#### Goal of the exercise:
Everything in the listing below should be repeated exactly, apart from the pictures.

#### Data shown:
Start of Block

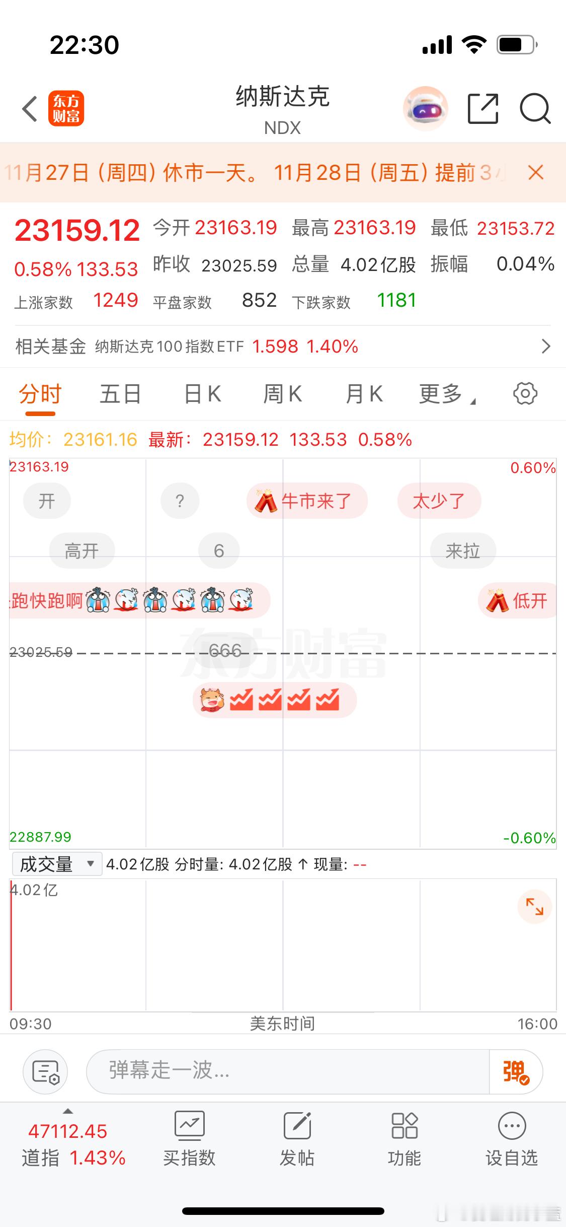 美股纳斯达克又高开。明天美国感恩节休市后天只开盘三小时。
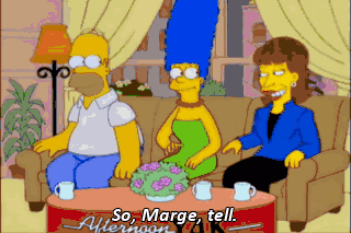 So, Marge, tell. What's it like kissing a man with a mouth full of metal? My boyfriend has a metal tongue stud. Who cares what's on his tongue, long as he's a stud where it counts. I'm talkin' downtown.
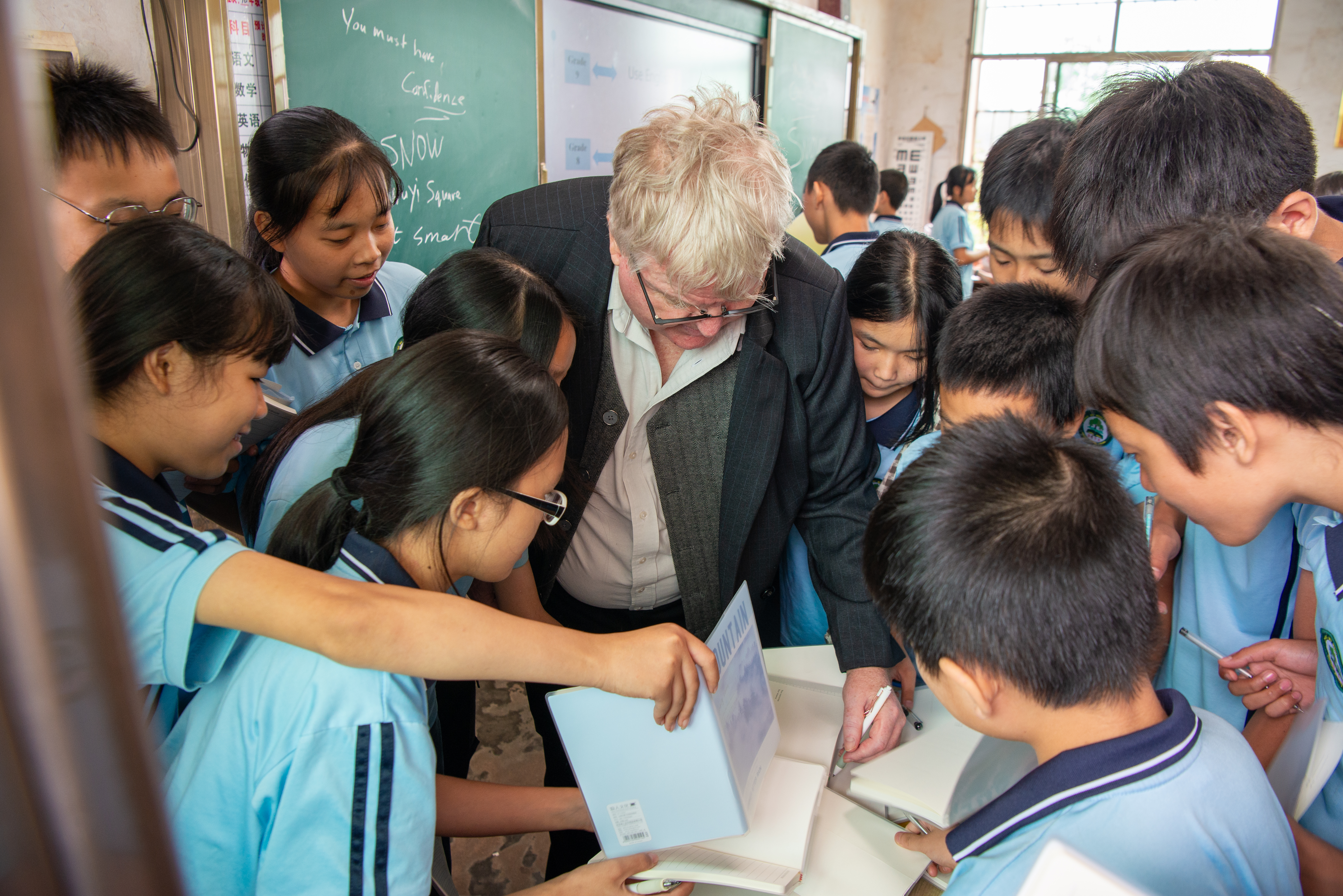 上午9时40分,学生课间操,外教William与全校同学见面并发表简短的励志演讲。演讲完毕,同学们争相与外教对话互动,并里三层外三层围着外教签名。

End of Block

#### Task result:
 美股纳斯达克又高开。明天美国感恩节休市后天只开盘三小时。
 So, Marge, tell. What's it like kissing a man with a mouth full of metal? My boyfriend has a metal tongue stud. Who cares what's on his tongue, long as he's a stud where it counts. I'm talkin' downtown.
 上午9时40分,学生课间操,外教William与全校同学见面并发表简短的励志演讲。演讲完毕,同学们争相与外教对话互动,并里三层外三层围着外教签名。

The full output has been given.